The outbreak of Severe Acute Respiratory Syndrome (SARS) posed a great global threat. SARS is a system disease which impairs many organs, such as lung, liver and immune organ. Respiratory distress and decreased immune function are the main causes of SARS patient death [1–3]. SARS was found to be caused by a novel coronavirus which was designated as SARS coronavirus (SARS-CoV), and the genome of SARS-CoV contains 11 to 14 open reading frames (ORF) and 5 to 8 potential non-structural proteins [4, 5]. The virus non-structural proteins, which vary widely among different coronavirus species, are dispensable for virus replication. It has been known that some non-structural proteins play important roles in virulence and pathogenesis, such as X protein of hepatitis B virus and ORF 8 protein of bovine herpes virus 1U(S) [6, 7].
SARS-CoV 3b (ORF4) (ZJ01, AY297028) encodes a 154-amino-acid protein, lacking significant similarities to any previously known proteins [8]. With bioinformatics analysis, using the PSORT II server, it was shown that C- or N-terminal signal peptide, coiled-coil regions and trans-membrane region allocation were not detected, however, two potential nuclear localization signals (NLS) were predicted. The cellular localization of 3b protein by confocal microscopy was performed and the nucleolus localization was confirmed. And the nucleolus localization signal sequences of 3b protein may localize in the C-terminal regions from 134 to 154 amino acids [9].

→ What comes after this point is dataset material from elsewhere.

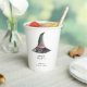 Niedliche und einfache Halloween Baby Dusche personalisierte Papiertassen mit Aquarellhut. Aquarellbild von Kristine Lee. Weitere Informationen finden Sie unter www.kristineleedesigns.com

Nucleolus localization of SARS-CoV 3b protein suggested that the expression of 3b protein may interfere with cell cycle regulation in transfected cells. Flow cytometry was performed on COS-7 cells transfected with pEGFP-N1 (Clontech) or p3b/EGFP-N1, which allowed examination of two intra-culture populations with EGFP expression indicative of transfected cells. PI staining revealed that a similar pattern of phase distribution in EGFP positive and negative cells transfected with pEGFP-N1 from 24 h to 72 h periods (data not shown). However, for p3b/EGFP-N1 transfected cells, the phase distribution of positive cells was significantly different from that of negative cells (Figure 1). When compared with EGFP negative cells, the populations of positive transfected cells displayed a significant increase in G0/G1 phase, an obvious decrease in S phase, and an emergence of sub-G1 phase compared with negative cells at 24 h after transfection. At 36 h, the increase in G0/G1 phase in positive cells was also significant, but less than that at 24 h, while cells in S phase was more decreased, and cells in sub-G1 phase continued increase compared with negative ones. At 48 h, the increase in G0/G1 phase and decrease in S phase in positive cells were not significant, but the percentage of sub-G1 phase was significantly raised in positive cells (49.89% vs. 5.26%). From 60 to 72 h post-transfection, the increase in sub-G1 phase in positive cells was also significant, but less than that at 48 h, while G0/G1 phases in positive and negative cells were comparable (Figure 2). These data indicated that expression of 3b protein blocked or delayed the progression of cells from G0/G1 phase into S phase, and induced cells toward apoptosis.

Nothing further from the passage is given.